We recognise that no two travellers are alike, and today’s customers demand more choice and personalisation during their travels. In response to the popularity and demand for extra legroom seats, we have reconfigured our Economy cabin to allow travellers to enhance their overall travel experience. While many airlines have been squeezing more seats into economy class, we continue to focus on providing our guests with exceptional products and services that meet and exceed the demands and budgets of different types of travellers. – Jamal Ahmed Al Awadhi, Etihad Airways Head of Guest Experience
The Etihad Economy Space seating option does not change any other aspects of the on-board service. The IFE and dining service for Economy Space passengers remains the same as for other economy class guests.
Access to Etihad’s Economy Space legroom seat priced at $180 on an upcoming New York City-Abu Dhabi flight, compared to $35-40 for most other advance seat selection options. The up-charge is similar for flights to Sydney. On shorter flights between Abu Dhabi and Europe the cost differential drops to around $95. The $10-15/hour price point matches what several other airlines offer for similar products.
For Etihad the move addresses multiple challenges. It allows the carrier to inexpensively add more spacious seating on board. It comes at a far lower cost than a proper premium economy cabin. It also does not command the same fare premium. It increases revenue opportunity with minimal risk. Odds that those ten seats would sell given historical load factors. The potential for up to $10,000 in extra ancillary revenue per flight could help the carrier as it struggles financially. Similarly, reducing the number of seats on board also helps the airline’s ability to push up fares a tiny bit as it reduces inventory in some markets. This change is not going to dramatically change the carrier’s finances, but it is a small step in the right direction.

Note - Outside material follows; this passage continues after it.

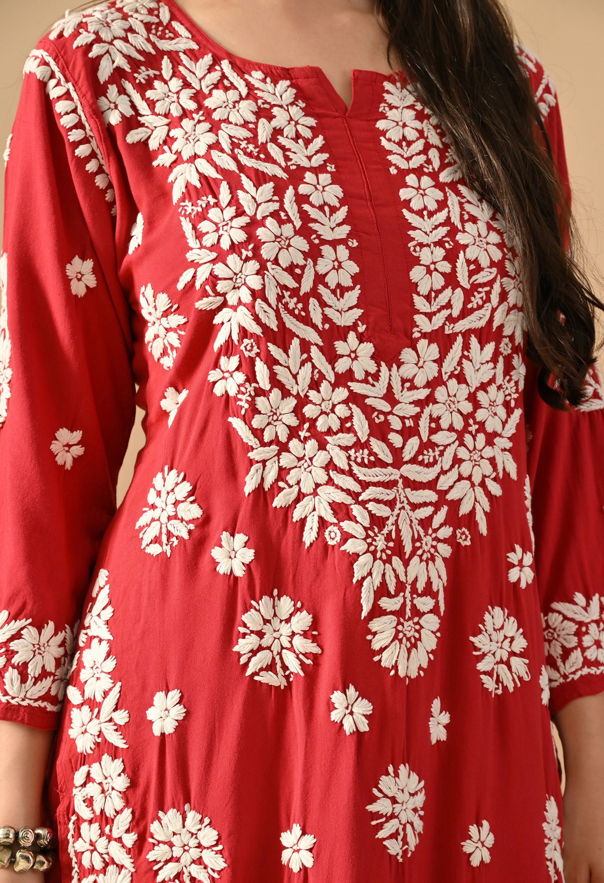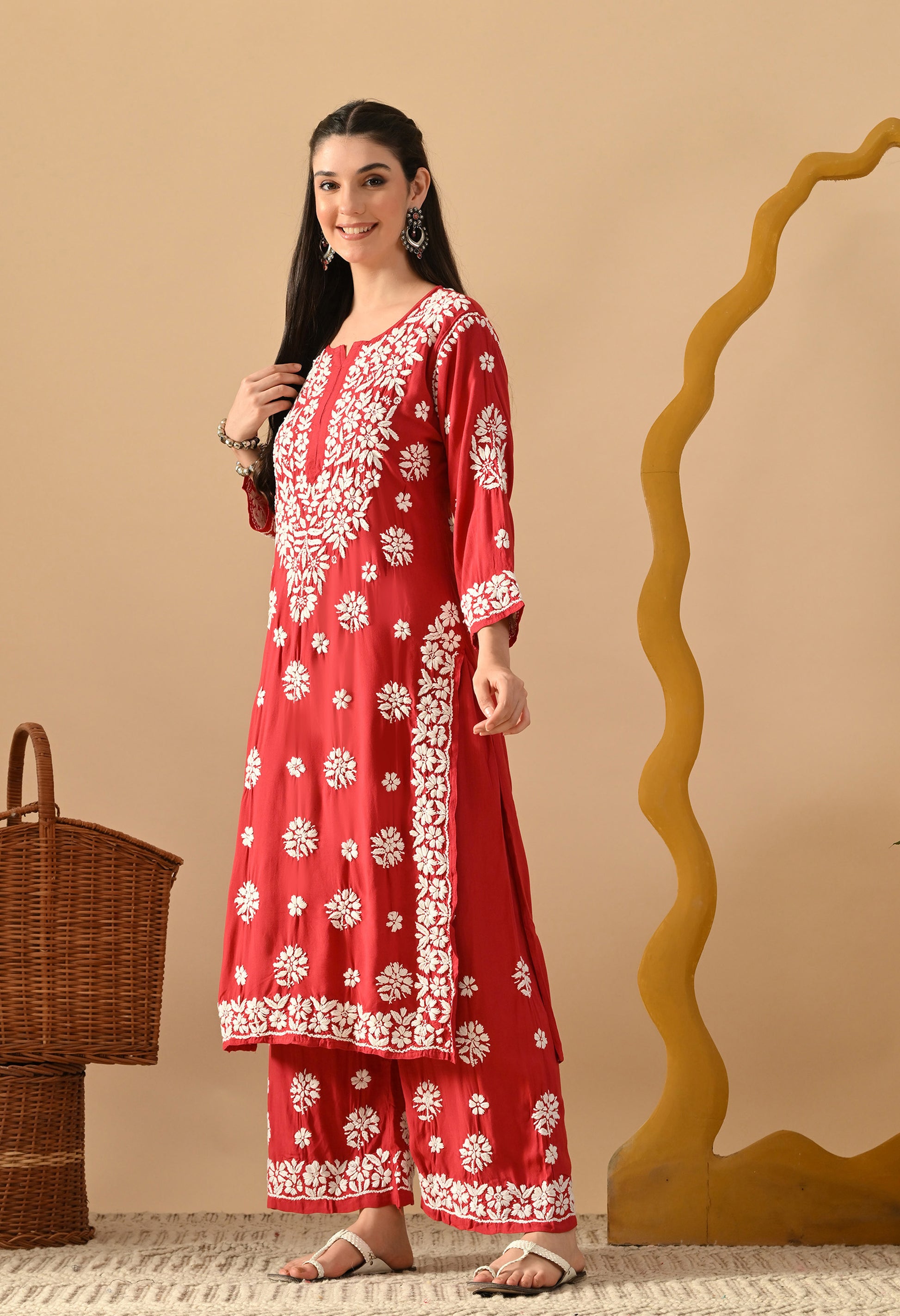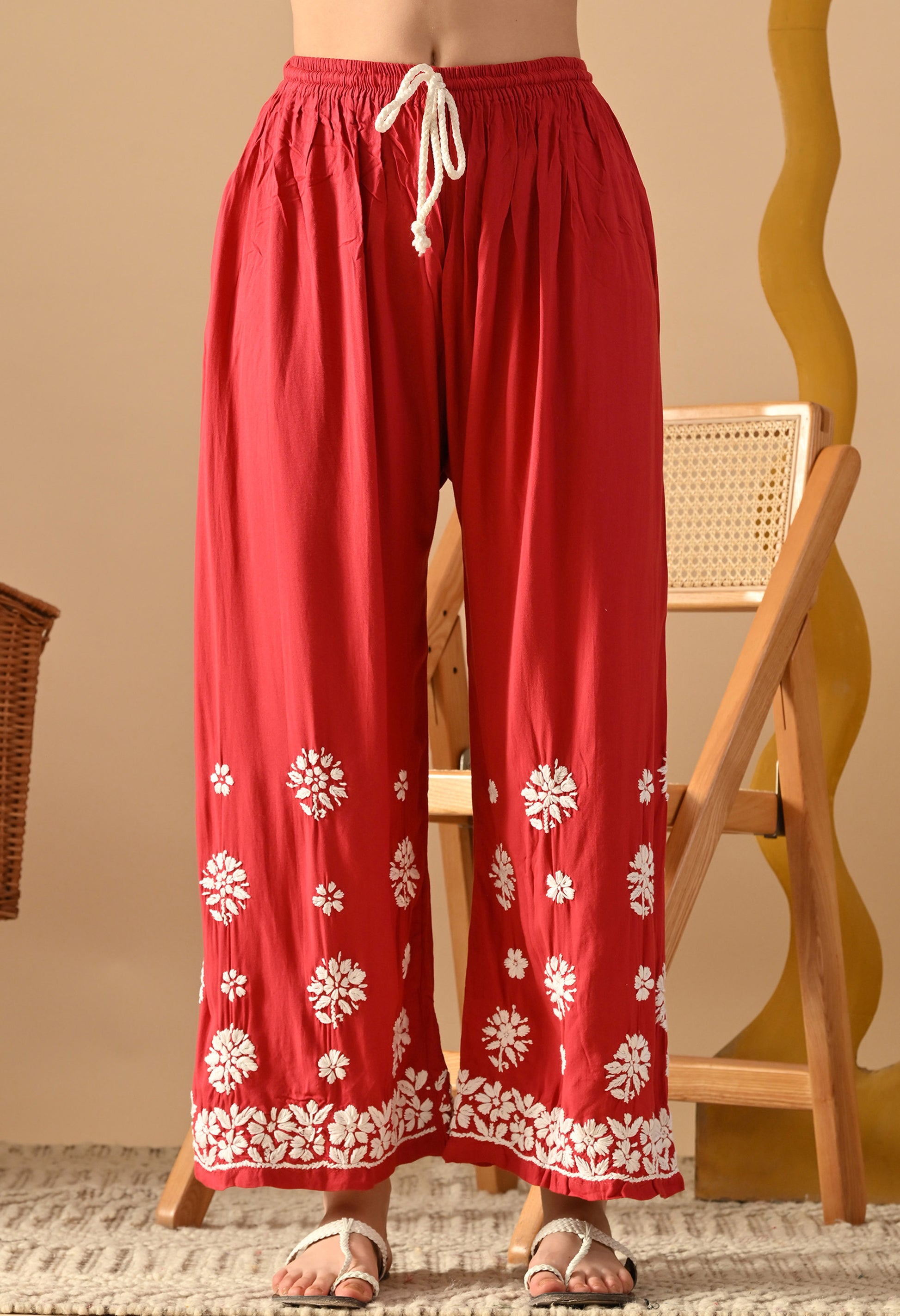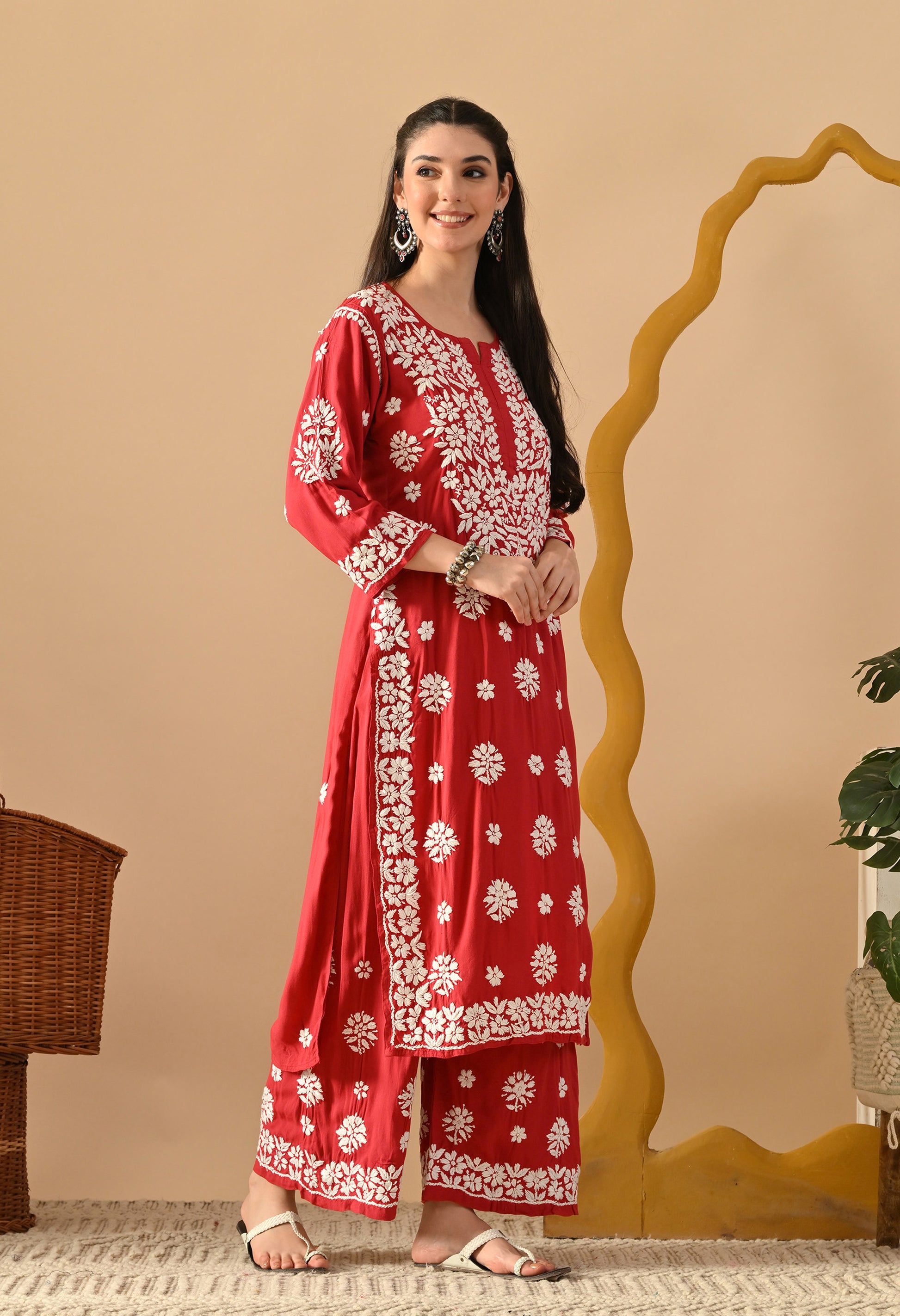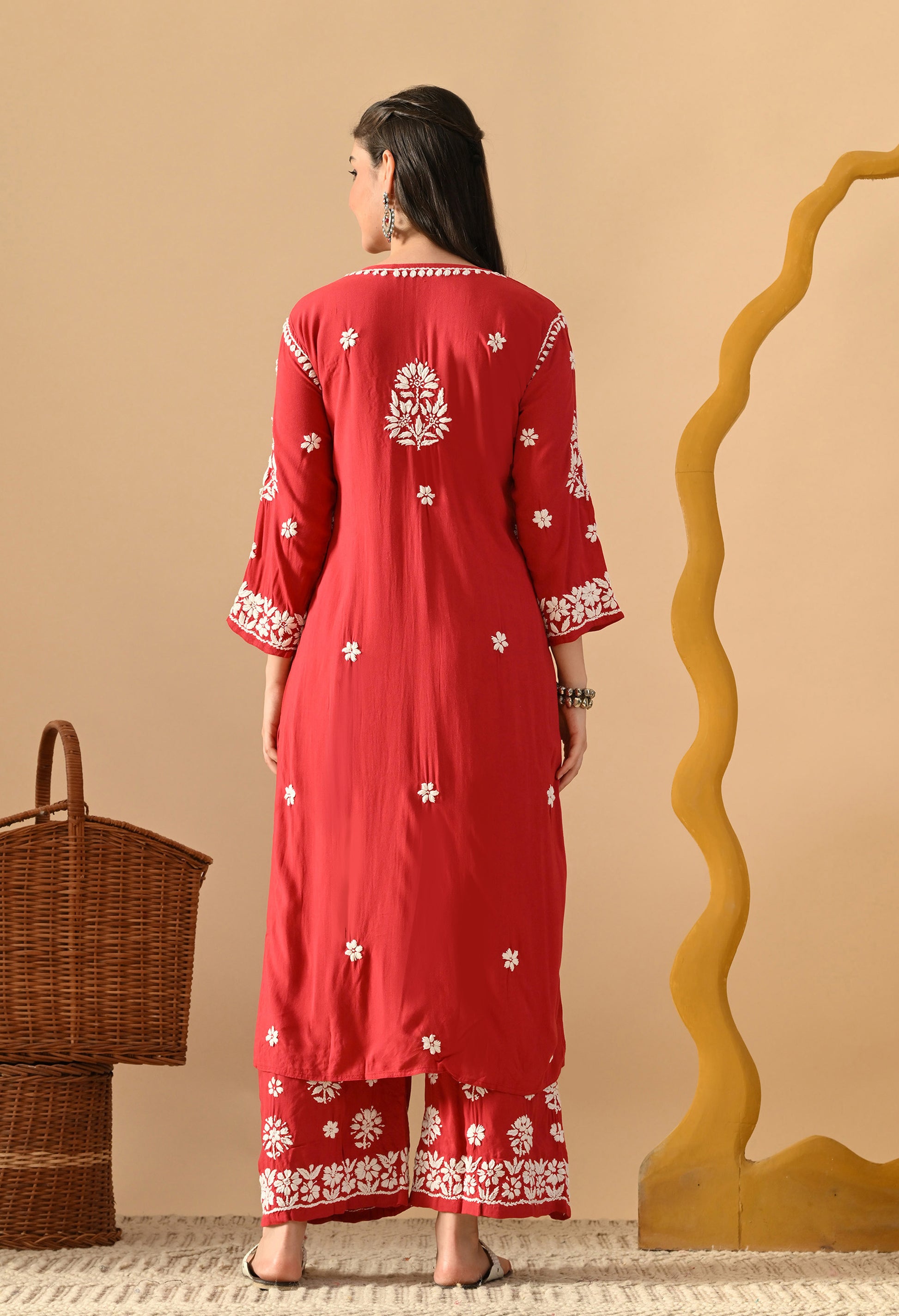 Hand Embroidered Chikankari Plazo Set 3d Work- Cherry Red

Of course, demand from passengers for a proper premium economy cabin remains strong. Qatar Airways remains steadfast in opposing such a shift. Emirates plans to launch its version of premium economy on the A380s due in the 2020 time frame. Other carriers continue to grow premium economy offerings as well.
Given Etihad’s precarious financial positioning a major investment in a true premium economy remains unlikely. The Economy Space offering describes exactly what it delivers – space – in the name and does not confuse that issue.